Peptide-based immunofluorescence analysis was performed to validate binding of the candidate peptide to human gastric cancer[16,17]. Frozen sections of human gastric cancer and adjacent normal appearing gastric mucosa tissues were blocked with PBS containing 3% BSA for 30 min at RT. Slides were then incubated with 100 μmol of the candidate peptide (peptide-FITC) for 30 min at 37 °C, rinsed 3 times with PBST and fixed in acetone at 4 °C for 90 s, counterstained with propidium iodide, and mounted using PBST. Fluorescent images of the sections were recorded at 400× magnification. A FITC-labeled scrambled peptide was used as a negative control.
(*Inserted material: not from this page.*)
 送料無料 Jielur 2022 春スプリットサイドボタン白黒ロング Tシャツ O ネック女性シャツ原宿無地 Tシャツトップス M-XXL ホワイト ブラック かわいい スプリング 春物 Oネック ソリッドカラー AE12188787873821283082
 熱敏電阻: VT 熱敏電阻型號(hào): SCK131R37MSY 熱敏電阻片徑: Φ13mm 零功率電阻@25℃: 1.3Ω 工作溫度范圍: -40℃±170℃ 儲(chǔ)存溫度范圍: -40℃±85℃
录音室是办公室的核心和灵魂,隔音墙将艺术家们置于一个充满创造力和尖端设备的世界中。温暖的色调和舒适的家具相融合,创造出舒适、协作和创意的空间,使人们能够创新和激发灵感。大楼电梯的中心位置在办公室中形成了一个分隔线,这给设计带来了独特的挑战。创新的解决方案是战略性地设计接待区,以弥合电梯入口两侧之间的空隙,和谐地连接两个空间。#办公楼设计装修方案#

The streptavidin-peroxidase-biotin immunohistochemical method was performed to detect candidate peptide binding on paraffin-embedded human tissues[18] from 36 cases of gastric cancer (21 intestinal and 15 diffuse) and 15 cases of adjacent normal appearing gastric mucosa, 12 cases of breast cancer, and 15 cases of colorectal cancer. In brief, paraffin-embedded specimens were cut into 4-μm sections and kept at 60 °C for 60 min. The sections were deparaffinized with xylene and rehydrated. Sections were submerged into ethylenediaminetetracetic acid antigenic retrieval buffer, microwaved for antigenic retrieval, and then cooled at RT for 20 min. The sections were pretreated with 3% hydrogen peroxide in methanol to quench the endogenous peroxidase activity, followed by incubation with normal serum to block non-specific binding. Then the sections were incubated with 100 μmol biotin-conjugated peptide for one hour at 37 °C. The unbound peptide was rinsed off with PBS. The tissue sections were incubated with the streptavidin-horseradish peroxidase complex (Zhongshan Biotechnology, Beijing, China), and stained with diaminobenzidene (DAB). Finally, the sections were counterstained with hematoxylin. A biotin-labeled scrambled peptide was used as a negative control.
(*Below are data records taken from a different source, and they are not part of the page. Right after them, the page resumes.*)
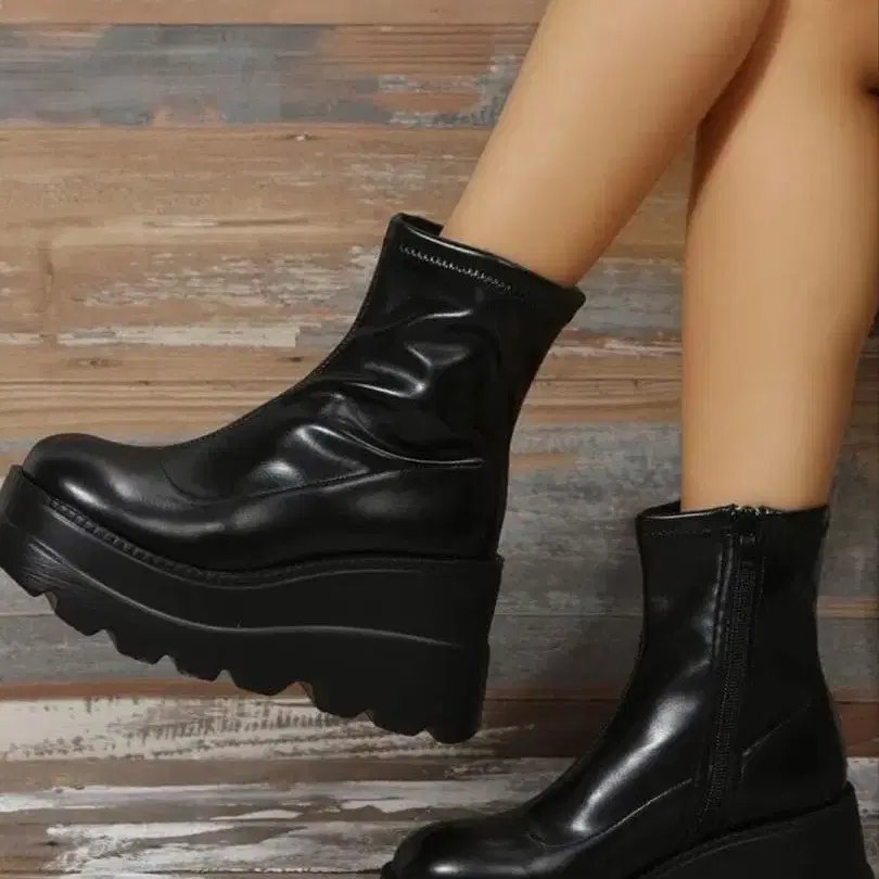블랙 합성 피혁 플랫폼 부츠
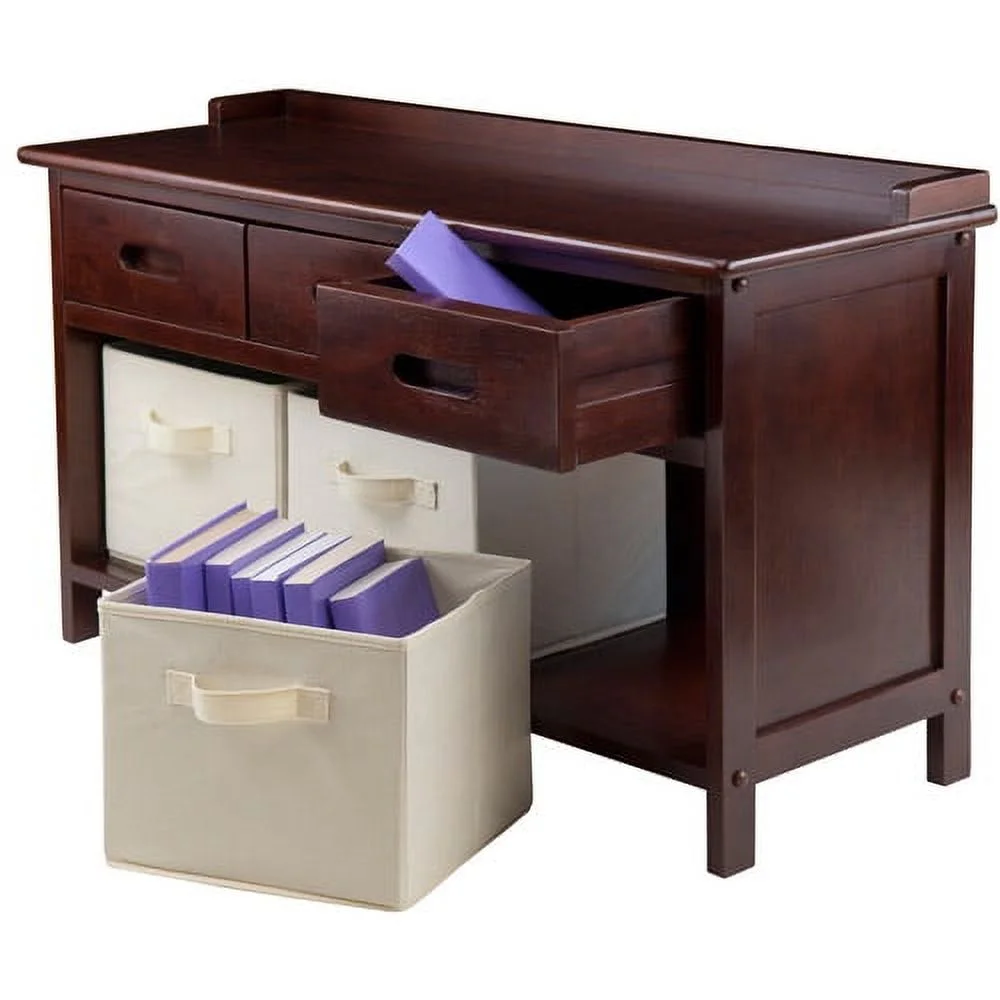 Winsome Wood Adriana 4-PC Set, Storage Bench & 3 Folable Beige Fabric Baskets: Versatile storage bench 3 drawers 3 foldable fabric baskets Made from solid and composite wood Walnut finish Assembly required Dimensions: 37.9″W x 14.17″D X 22″H Each basket measures: 10.97″W x 10.06″D x 9″H 60-day replacement parts Model# 94602
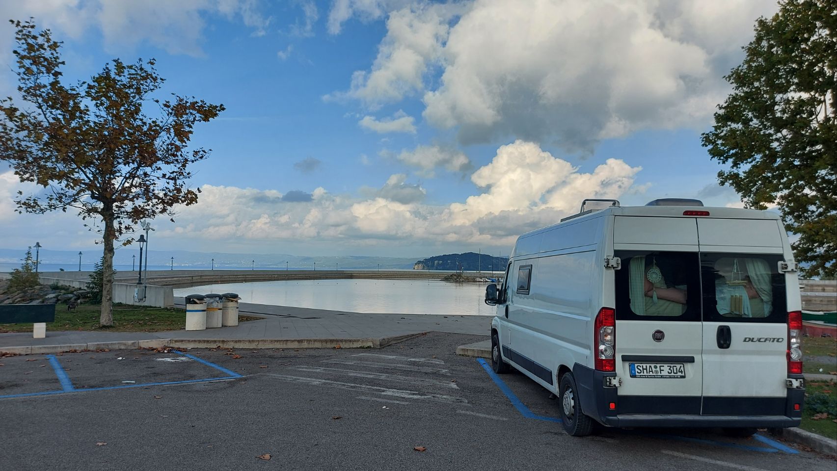 Während ich mit Flips eine Runde durch den nahen Park drehe, macht Fini im Bus etwas klarschiff und bereitet überbackene Brote vor. Wir beschäftigen uns den Nachmittag über mit der weiteren Reiseplanung. Das Wetter soll die nächsten Tage regnerisch werden, also fallen so Aktionen wie eine Wanderung auf den Vesuv oder ein Besuch der Amalfi-Küste voraussichtlich ins Wasser.
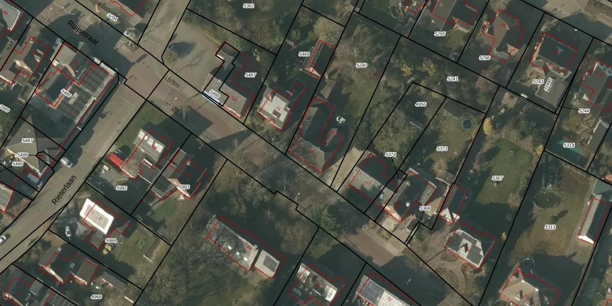 Het perceel waarop Ruijsstraat 75 staat heeft een oppervlakte van 992 m². Dit is een groot perceel. De perceeloppervlakte wordt geregistreerd door het Kadaster. Gedetailleerde informatie over de maten van dit perceel kunt u vinden in het rapport Kadastrale kaart met maatvoering van Ruijsstraat 75.
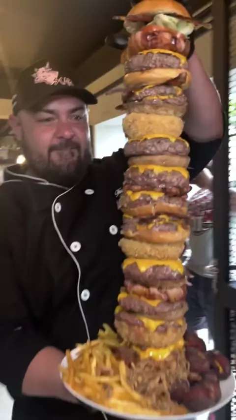 Ricardo Corbucci TORRE DE HAMBÚRGUER VALENDO R$2000!! Feat. @casalnascimentooficial #desafio #challenge #burger #comida #hamburger

Semi-quantitative image analysis was performed as reported previously[19]. In brief, 3 images with typical features were selected from each slide. The quantitative labeling index was calculated as the ratio of brown membranous area stained by DAB to round blue areas stained by hematoxylin, for the assessment of tumor cell density in the selected image. The extractions of the brown vs blue signal were carried out based on an RGB color parameter. The blue areas larger than 0.005 mm2 were eliminated because of the nuclear staining in cells such as fibroblasts and lymphocytes but not in carcinoma cells. Images were analyzed using NIH Image J software.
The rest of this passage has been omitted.